* [INSTRUCTIONS TO FOLLOW]
Character for character, transcribe the entries below, minus the images.
──────
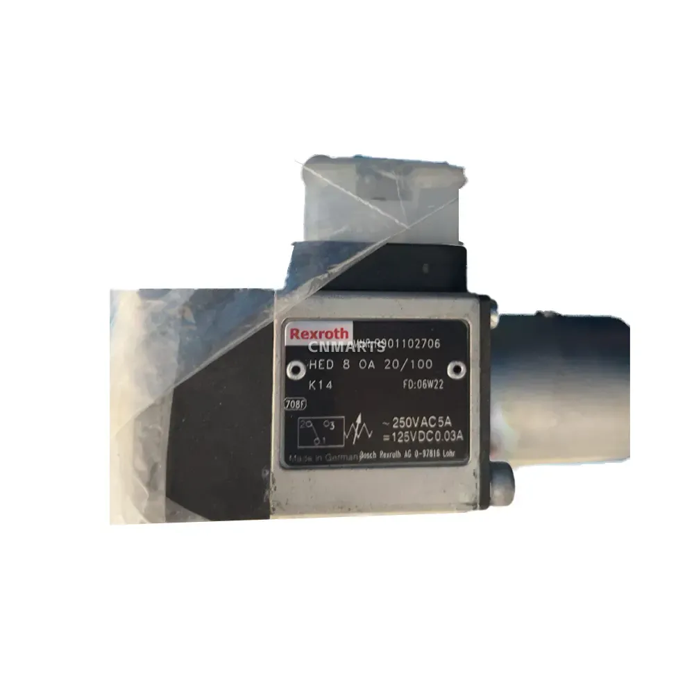 Buy the genuine Bosch Rexroth HED 8 OA 20/100 hydraulic pressure switch (MNR R901102706). This reliable piston-type switch features an adjustable pressure setting up to 100 bar for precise control in industrial hydraulic systems.
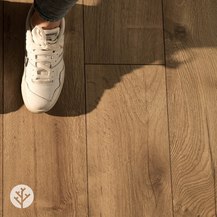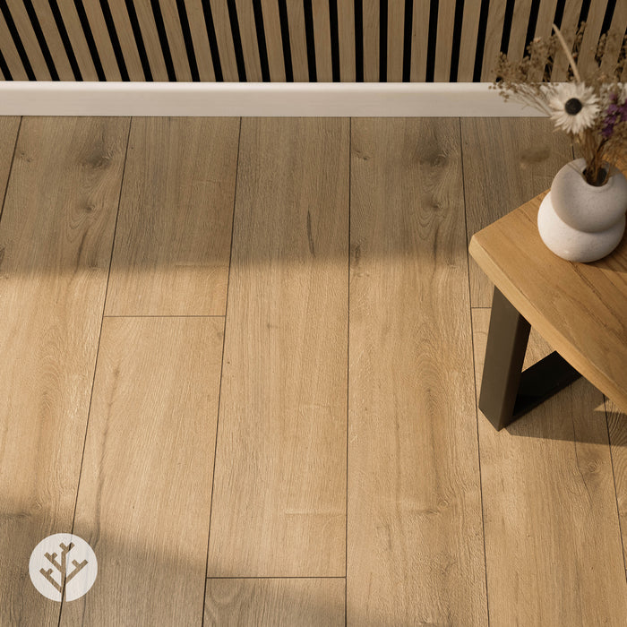 The wood-grain embossed laminate surface offers the look and feel of real wood, without the upkeep. Built for durability, it can withstand heavy foot traffic, making it perfect for busy areas in your home and workplace. As an eco-conscious option, our laminate flooring is made from responsibly sourced materials, supporting a more sustainably-friendly lifestyle. Its versatile design suits a range of spaces, and with a user-friendly click-and-lock system, installation is quick and simple.
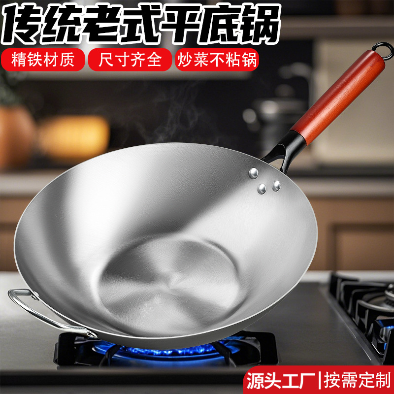 구식 평평한 철 냄비 요리 프라이팬 가정용 붙지 않는 냄비 요리사 특수 인덕션 밥솥 가스 스토브 철 냄비 공장
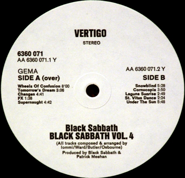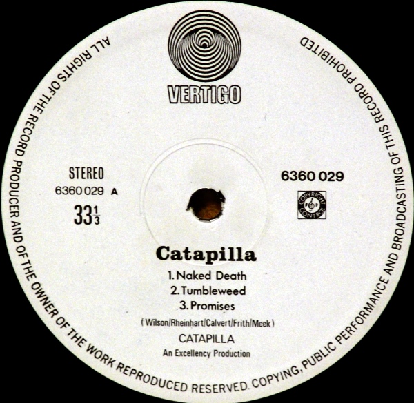 Гусеница не голландец. Вона Сингапурская. Почти все сингапурское сверло печаталось с голландских матриц. Но у моей гусеницы на сгоне стоит цифра 320. На моих немецких сверлах стоит тоже 320 (полный номер Catapila - 10 АА6360029 1Y 320. Как видно стиль напсания номера матрицы-стемпера полностью немецкий). А вот на моем первом саббате из Сингапура матрица имеет голландскую нумерацию - АА 847 903 1Y1 ℗ 1970 670. Матрица гусеницы или немчура, или гебрюки. А может для Голландии винил лепили в германии. А саббат - немецкое тестовое сверло. Вот интересная инфа: "SINGAPORE/MALAISYA/HONG KONG Singapore, Maleisya and Hong Kong shared one Phonogram pressing plant in the late seventies (and early eighties) and issued some albums on Vertigo swirl. It is not possible to discern between these three countries, except when a tiny golden sticker ''Made in Hong Kong'' is present. The swirl label survived much longer in this area than in almost any country. We therefore sometimes do find a swirl release that seems unlikely due to its late date, but nevertheless exits. It goes without saying, that the rarity scale is not as reliable as with more solidly documented countries. It seems extremely likely, that there are many more swirl albums from this area to be found. We have, more or less, two different periods with swirl releases from Singapore. The first falls into the well-known releases that were licensed from Britain. Three examples can be viewed below. There is no indication towards the country of origin, but Singapore inhabitants affirm that these are releases from their country. Later SMH albums are recognized as such by the note on the cover (see scan), which is in one way or other featured on every album we have seen bar one. The labels have the old Dutch copyright control logo(!) and also most matrix numbers are Dutch (see The Netherlands page). The typography of the labels is quite different to that country, though. We have found only one single from these locations." Взято отсюда
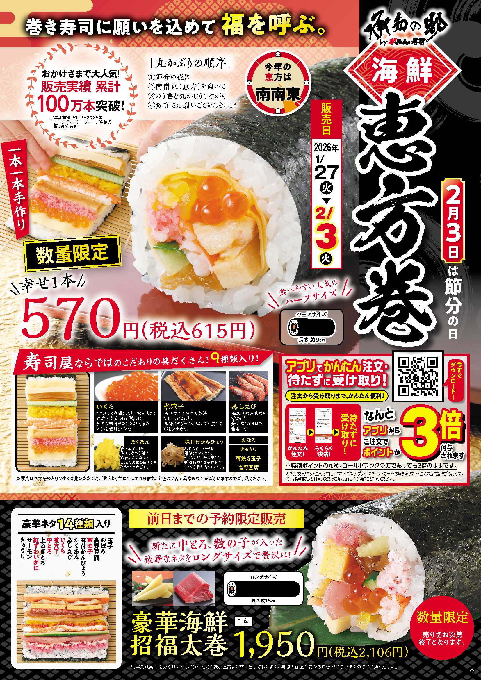 ~一本一本手作り!販売実績累計100万本突破~ 福を呼ぶ!2026年「恵方巻」🍣✨
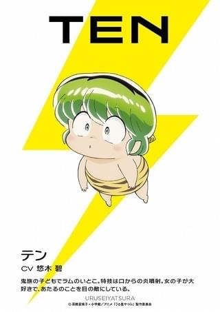 悠木が演じるテンは、ラムのいとこである鬼族の子ども。女の子が大好きで、口からの炎噴射を得意とする。旧テレビアニメ版では杉山佳寿子が声を担当した。テンは12話から登場する。
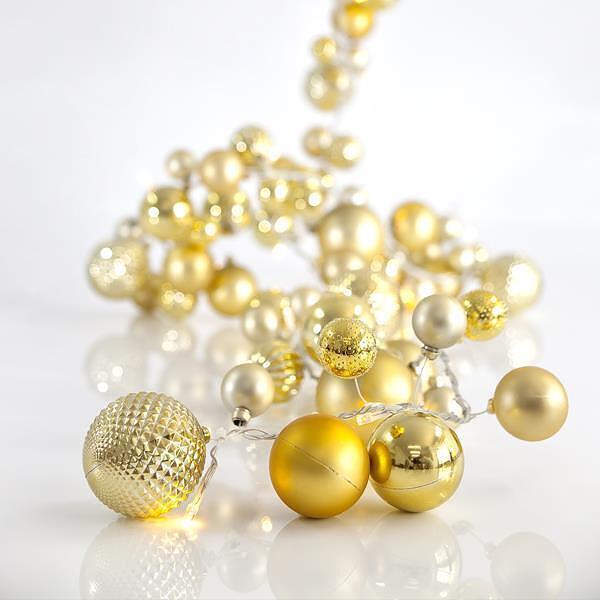 Този елегантен гирлянд в златен цвят с интегрирани коледни топки и LED светлини е идеален за добавяне на блясък и уют във вашето пространство.
──────
* [PROBLEM SOLUTION]
 Buy the genuine Bosch Rexroth HED 8 OA 20/100 hydraulic pressure switch (MNR R901102706). This reliable piston-type switch features an adjustable pressure setting up to 100 bar for precise control in industrial hydraulic systems.
 The wood-grain embossed laminate surface offers the look and feel of real wood, without the upkeep. Built for durability, it can withstand heavy foot traffic, making it perfect for busy areas in your home and workplace. As an eco-conscious option, our laminate flooring is made from responsibly sourced materials, supporting a more sustainably-friendly lifestyle. Its versatile design suits a range of spaces, and with a user-friendly click-and-lock system, installation is quick and simple.
 구식 평평한 철 냄비 요리 프라이팬 가정용 붙지 않는 냄비 요리사 특수 인덕션 밥솥 가스 스토브 철 냄비 공장
 Гусеница не голландец. Вона Сингапурская. Почти все сингапурское сверло печаталось с голландских матриц. Но у моей гусеницы на сгоне стоит цифра 320. На моих немецких сверлах стоит тоже 320 (полный номер Catapila - 10 АА6360029 1Y 320. Как видно стиль напсания номера матрицы-стемпера полностью немецкий). А вот на моем первом саббате из Сингапура матрица имеет голландскую нумерацию - АА 847 903 1Y1 ℗ 1970 670. Матрица гусеницы или немчура, или гебрюки. А может для Голландии винил лепили в германии. А саббат - немецкое тестовое сверло. Вот интересная инфа: "SINGAPORE/MALAISYA/HONG KONG Singapore, Maleisya and Hong Kong shared one Phonogram pressing plant in the late seventies (and early eighties) and issued some albums on Vertigo swirl. It is not possible to discern between these three countries, except when a tiny golden sticker ''Made in Hong Kong'' is present. The swirl label survived much longer in this area than in almost any country. We therefore sometimes do find a swirl release that seems unlikely due to its late date, but nevertheless exits. It goes without saying, that the rarity scale is not as reliable as with more solidly documented countries. It seems extremely likely, that there are many more swirl albums from this area to be found. We have, more or less, two different periods with swirl releases from Singapore. The first falls into the well-known releases that were licensed from Britain. Three examples can be viewed below. There is no indication towards the country of origin, but Singapore inhabitants affirm that these are releases from their country. Later SMH albums are recognized as such by the note on the cover (see scan), which is in one way or other featured on every album we have seen bar one. The labels have the old Dutch copyright control logo(!) and also most matrix numbers are Dutch (see The Netherlands page). The typography of the labels is quite different to that country, though. We have found only one single from these locations." Взято отсюда
 ~一本一本手作り!販売実績累計100万本突破~ 福を呼ぶ!2026年「恵方巻」🍣✨
 悠木が演じるテンは、ラムのいとこである鬼族の子ども。女の子が大好きで、口からの炎噴射を得意とする。旧テレビアニメ版では杉山佳寿子が声を担当した。テンは12話から登場する。
 Този елегантен гирлянд в златен цвят с интегрирани коледни топки и LED светлини е идеален за добавяне на блясък и уют във вашето пространство.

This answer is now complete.